Господин Хуан знал о происходящем от учеников. И как-то неожиданно взял отпуск на день. А вечером в комнату для самоподготовки явился сам директор и сообщил, что господин Хуан приходил к нему с прошением об отставке, но согласия не получил. Директор сказал:
- Если кому не нравится наш прекрасный инспектор, можете оставить школу. Если же им недовольны все, я уйду вместе с ним.
Никто не произнес ни слова. Но не успел директор ступить за дверь, как несколько учеников помчались к преподавателю ручного труда и устроили там экстренное совещание.
Через день учитель Хуан, как всегда, был на посту, только сильно осунулся. После занятий он собрал учеников. Явилось не больше половины. Он взошел на кафедру, словно намереваясь произнести речь. Но вдруг улыбнулся, помолчал, а потом тихо сказал всего одну фразу:
- Простим друг друга! И больше ничего.
После летних каникул в школе день ото дня ширилось движение за отмену ежемесячных экзаменов. Взрыв произошел перед праздниками. Ученики отказались сдавать экзамен преподавателю английского языка, и, когда он выходил из класса, вслед ему неслась брань.
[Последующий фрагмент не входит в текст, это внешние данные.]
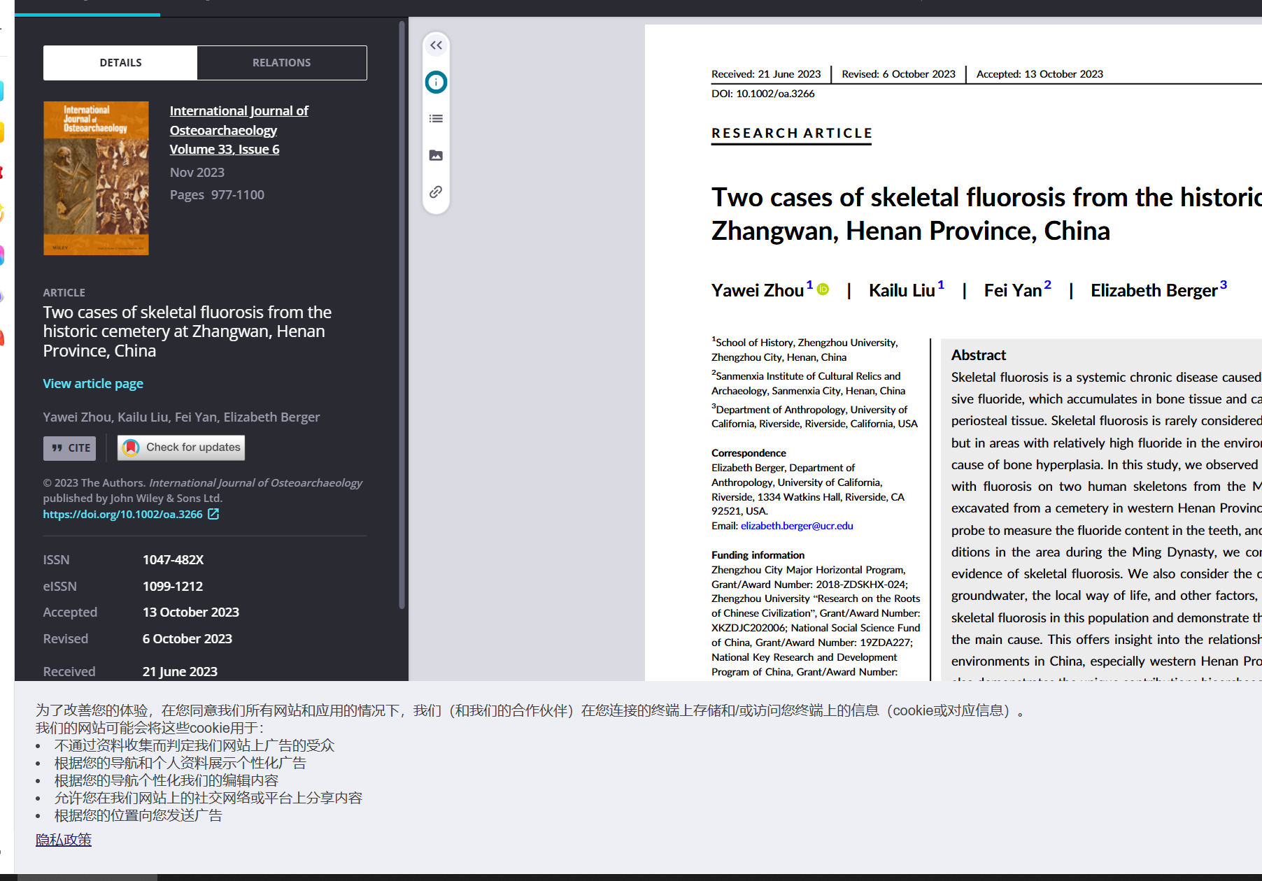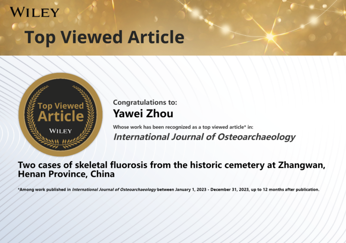近日,best365英国在线体育官网“中华源”考古实验室团队在国际期刊《国际骨质考古学杂志》(International Journal of Osteoarchaeology)上发表的科研论文“Two cases of skeletal fluorosis from the historic cemetery at Zhangwan, Henan Province, China”名列Wiley系列杂志2024年最高阅读量前10%,荣获Wiley杂志高阅读量作者奖。该论文由best365官网“中华源”考古实验室周亚威教授团队、美国加州大学河滨分校人类学系Elizabeth Berger博士和三门峡市仰韶文化研究中心燕飞馆员合作完成。

Скандал дошел до самого директора, но тот поддержал систему ежемесячных экзаменов. Тогда учащиеся потребовали убрать преподавателя английского языка. Некоторые предлагали, правда, разделаться заодно и с директором, но большинство решило пока ограничиться сменой учителя. Не идти же, в самом деле, против директора! Бойкот экзаменов был временно снят с повестки дня. Уже тогда наставника Хуана предупреждали:
- Не накличьте беду на свою голову!
И зачем он только стал инспектором? Теперь он обязан был блюсти порядок в школе.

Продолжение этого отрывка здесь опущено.